特権管理者権限のあるアカウントでログインし、以下の手順で予定を削除します。
- Calendar API の Events: delete にアクセス
- 画面右部の Try this method に以下の情報を入力(ID の取得で表示された内容)
- calendarId:
organizer
の値 - eventId:
eid
の値
- calendarId:
- Execute を押下
- Google にログイン画面
- アカウントを選択 :ログインしているユーザーを選択
- Google APIs Explorer が Google アカウントへのアクセスをリクエストしています:許可
- 200 番台が返ってくること
これで削除済みのユーザーが主催者の予定を Google カレンダーから削除できました。

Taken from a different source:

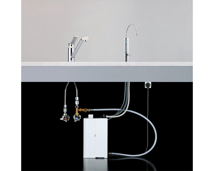 Phần vòi nước có thể gắn trên bồn rửa còn bình điện phân, bộ lọc lắp âm dưới kệ bếp thuận tiện.

今回の例では Google API Explorer という、ブラウザ上の API リファレンスドキュメントから試験的に直接 API コールを実行できるツールを用いて実行しましたが、通常通り Python 等のプログラムから実行することもできます。今回の記事では、そちらの方法は割愛します。
トラブルシューティング
Calendar API の Events: delete を特権管理者ではないユーザーで実行すると 404
が返ってきます。
{ "error": { "errors": [ { "domain": "global", "reason": "notFound", "message": "Not Found" } ], "code": 404, "message": "Not Found" } }
藤岡 里美 (記事一覧)
クラウドソリューション部
数年前までチキン売ったりドレスショップで働いてました!2022年9月 G-gen にジョイン。ハイキューの映画を4回は見に行きたい。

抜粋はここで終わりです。